Thousands gathered in the capital of North Korea to celebrate Kim Jong Un’s granddad’s birthday.
The anniversary of Kim Il Sung’s birthday is the most important national holiday in North Korea, as he is the man who founded the country in 1948.
The nation has since been ruled by the Kim family under a dictatorship for 74 years.
A choreographed display of loyalty took place in Kim Il Sung square, in Pyongyang, while Mr Kim waved from a balcony.
Ri Il Hwan, a member of the ruling Workers’ Party’s Politburo, issued a call for loyalty during a speech, saying that North Koreans will ‘always emerge victorious’ under Mr Kim’s guidance.
People marched with red plastic flowers, floats and political slogans before dancers performed in the square and fireworks were set off.
North Korea seemingly opted not to show off its military weapons amid tensions over its nuclear arsenal.
The country wants the US to accept it as a nuclear power and remove current economic sanctions.
Recent commercial satellite images imply that North Korea is planning a big military parade in Pyongyang. It is believed the parade might take place on April 25.
Mr Kim is also expected to continue his escalation of North Korea’s weapons testing over the next few weeks and months.
This could mean test-flying missiles or nuclear explosives over Japan.
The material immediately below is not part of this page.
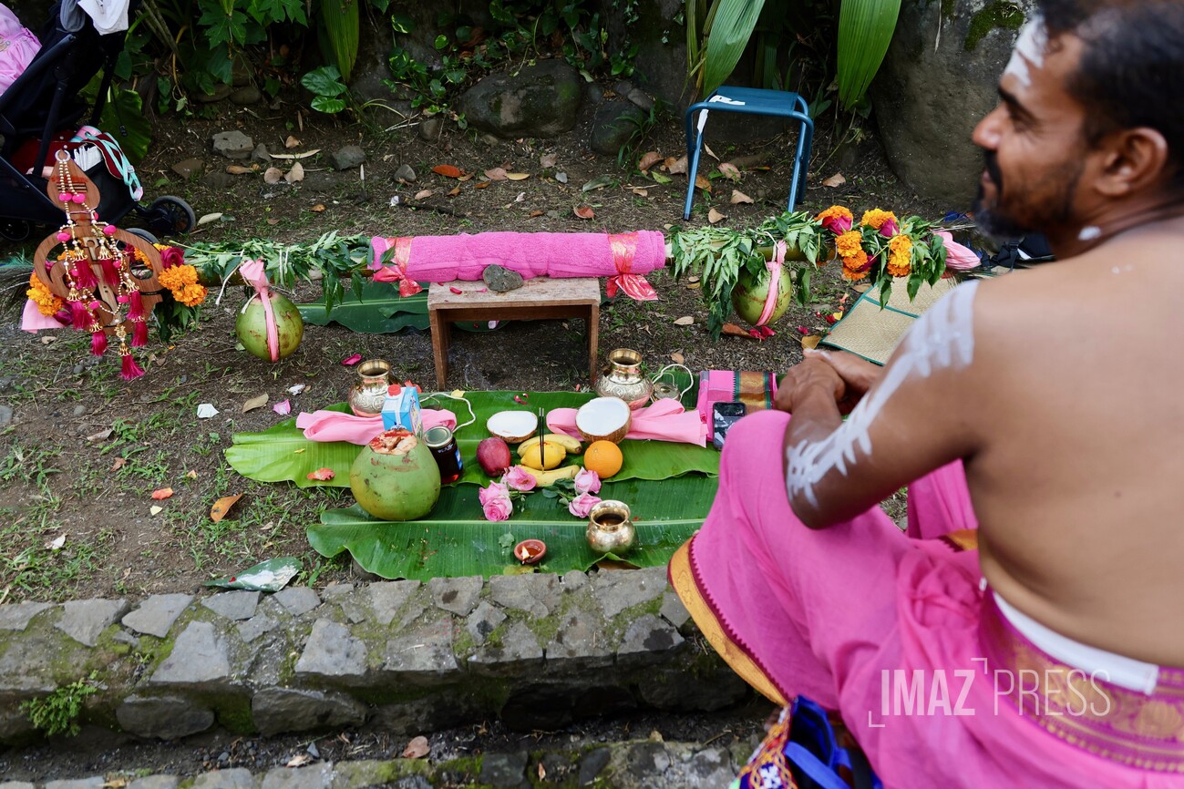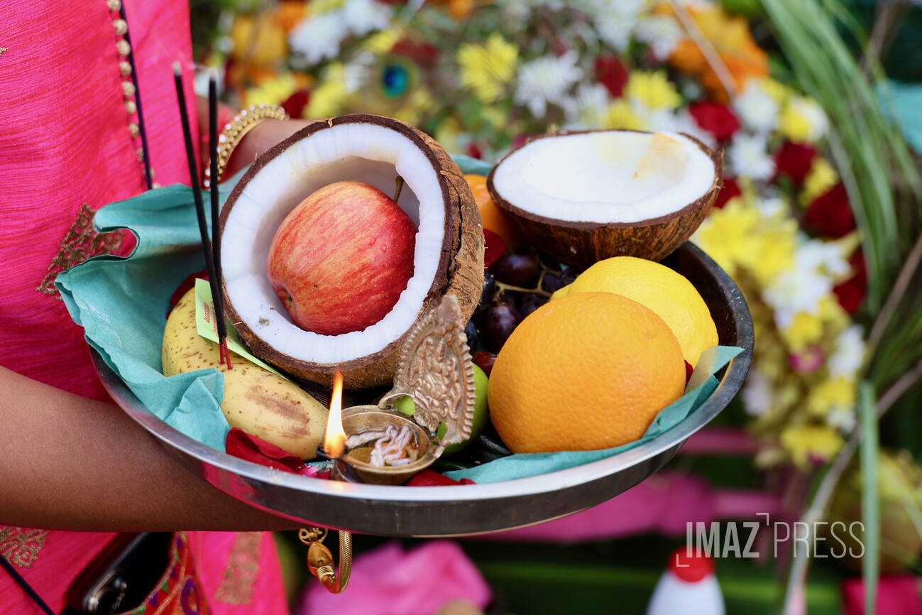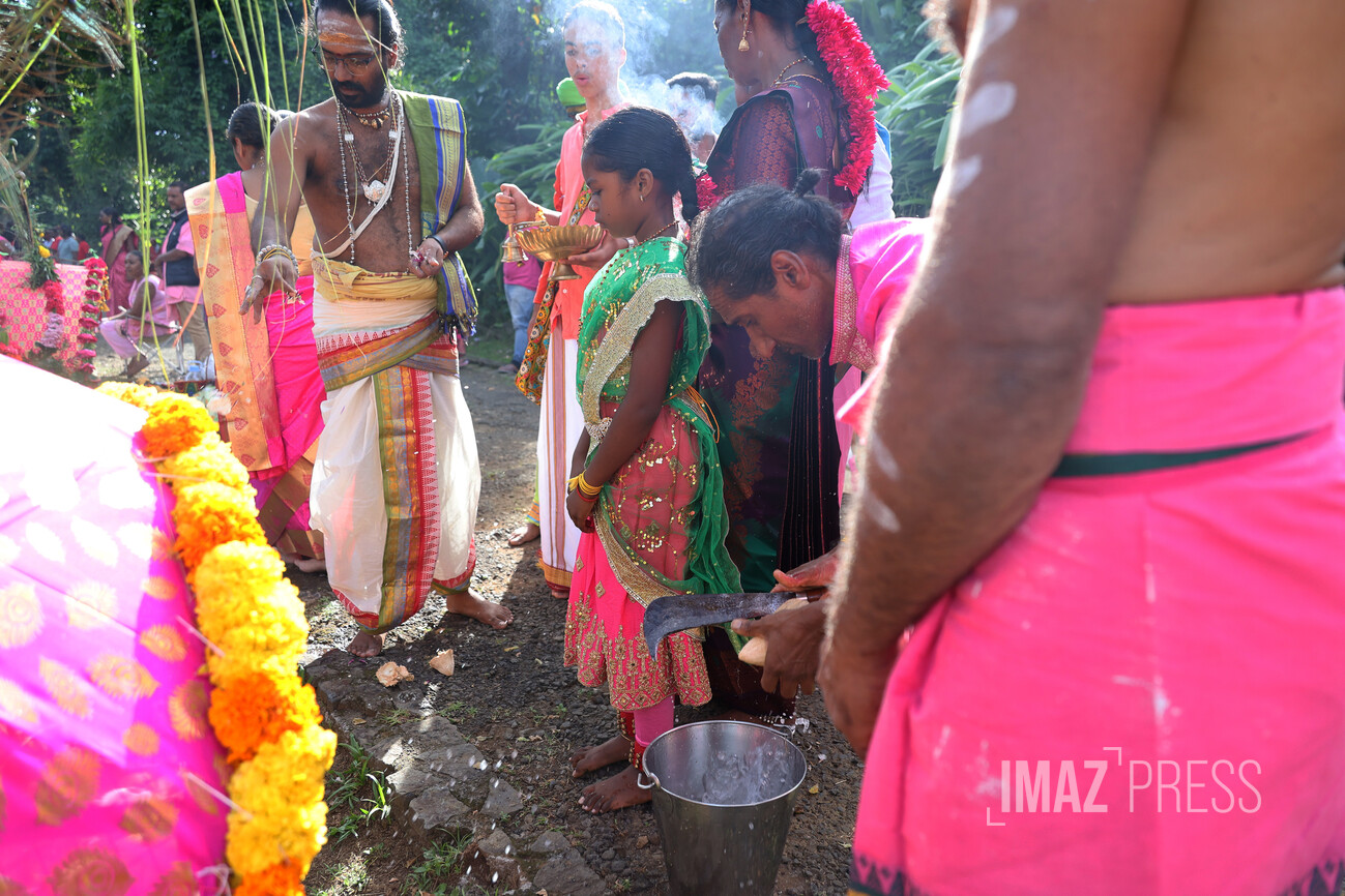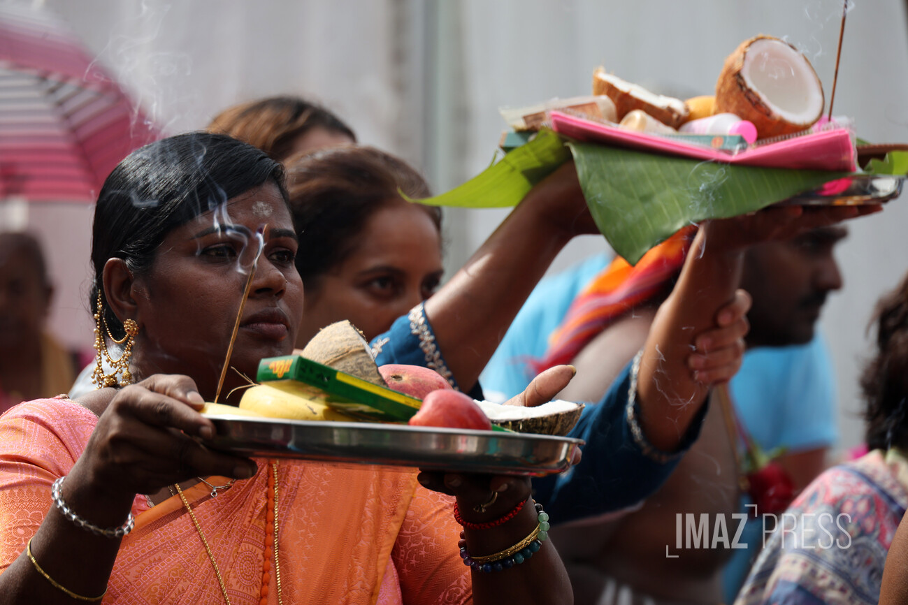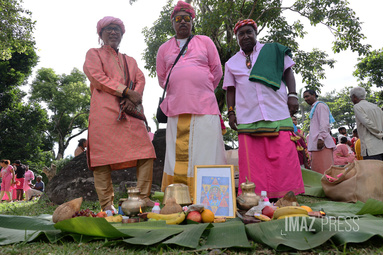 Le jour du Cavadee est célébré tous les ans dans la religion tamoule, rassemblant des pèlerins, souvent vêtus de rose ou de jaune, les couleurs sacrées de Mourouga.

The country has already started off 2022 its first flight test of intercontinental ballistic missiles (ICBMs) since 2017.
South Korea’s military has also detected signs that North Korea is rebuilding tunnels at a nuclear testing ground it partially dismantled weeks before Mr Kim’s first summit with then-US president Donald Trump in June 2018.
The recent and upcoming weapon activity is thought to be a tactic to force the US to engage with North Korea’s wishes to become an accepted nuclear power.
But the Biden administration is seemingly preoccupied with the war in Ukraine and China’s rise as a world power.
Mr Kim will also be trying to rebuild support from his people as he has promised to develop nuclear weapons and free North Korea from the US’s economic sanctions currently crippling the country’s economy.